The new web page is titled Treaties and Legal Cases, and has the full
text of 16 international treaties and when complete will have the texts
for at least 22 treaties. See www.pollitecon.com/html/treaties/index.htm.
The key treaties that affected Macedonia and Macedonians were the:
* Secret Protocol Between Greece And Serbia,
* Treaty of Bucharest,
* Treaty Concerning The Protection Of Minorities In Greece,
* Convention Between Greece And Bulgaria Respecting Reciprocal Emigration,
and
* Convention Concerning The Exchange Of Greek And Turkish Populations.
It is interesting, if not coincidental, that I found some of these
were also the treaties most difficult to find and some were not available
on the internet. Their republication on the Pollitecon web site now
makes all of them easily accessible for the first time.

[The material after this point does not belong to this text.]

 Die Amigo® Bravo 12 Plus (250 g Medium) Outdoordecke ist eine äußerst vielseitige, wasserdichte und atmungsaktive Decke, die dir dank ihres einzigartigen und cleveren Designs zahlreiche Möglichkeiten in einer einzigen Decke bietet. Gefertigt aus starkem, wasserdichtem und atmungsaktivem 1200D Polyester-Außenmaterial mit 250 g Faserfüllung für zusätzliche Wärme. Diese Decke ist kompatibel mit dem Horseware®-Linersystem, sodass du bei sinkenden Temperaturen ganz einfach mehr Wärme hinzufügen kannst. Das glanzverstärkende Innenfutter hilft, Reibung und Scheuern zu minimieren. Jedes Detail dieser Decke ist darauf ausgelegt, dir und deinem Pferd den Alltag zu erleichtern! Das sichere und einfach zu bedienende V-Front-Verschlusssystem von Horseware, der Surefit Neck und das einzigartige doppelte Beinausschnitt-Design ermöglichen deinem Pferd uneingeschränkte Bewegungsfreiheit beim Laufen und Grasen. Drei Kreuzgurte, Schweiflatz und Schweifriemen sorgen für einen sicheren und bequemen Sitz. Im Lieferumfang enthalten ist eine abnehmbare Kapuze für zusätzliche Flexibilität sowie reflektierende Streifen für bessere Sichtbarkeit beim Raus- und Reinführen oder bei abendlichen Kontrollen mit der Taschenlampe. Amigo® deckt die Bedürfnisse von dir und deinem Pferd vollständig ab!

Other treaties in the project include the major treaties signed at
the end of the First World War: the Treaty Of Neuilly between the Allied
Powers and Bulgaria, and the Treaty Of Sevres and the Treaty of Lausanne
between the Allied Powers and Turkey.
A second section of the project reprints major legal and human rights
cases by Macedonian political and other organizations. There are eight
initial legal cases in the project - five by Macedonians against Bulgaria,
two by Macedonians against Greece, and one by Macedonians against the
State of Victoria.
The aim of the project is to enable Macedonians to have a better understanding
of the legal documents and procedures that divided the Macedonian land
and people. At present most Macedonians are aware of these and their
contents only through second hand sources and have not read the primary
documents themselves.
It is also possible that a better understanding of these documents
could lead to improved human rights for Macedonians in Greece and Bulgaria.
International law is certainly one method that Macedonians should explore
further to begin to right the many current and historical wrongs against
the Macedonian people. Sidiropoulos and Others, Vinozhito, and OMO Ilinden-Pirin
have already had initial success in the European Court of Human Rights.
But these ground breaking cases should be seen as only the beginning.
Macedonians have many more injustices that need to be rectified. There
may also be other international courts and forums available to the Macedonian
people.
It would be an interesting exercise to commission one or several of
the leading practitioners in international law to give an expert legal
opinion on the current standing of all of these key treaties and whether
there are any opportunities that can be utilized to improve the well
being of all or part of the Macedonian people, particularly in Greece
and Bulgaria which are the most difficult countries for Macedonians.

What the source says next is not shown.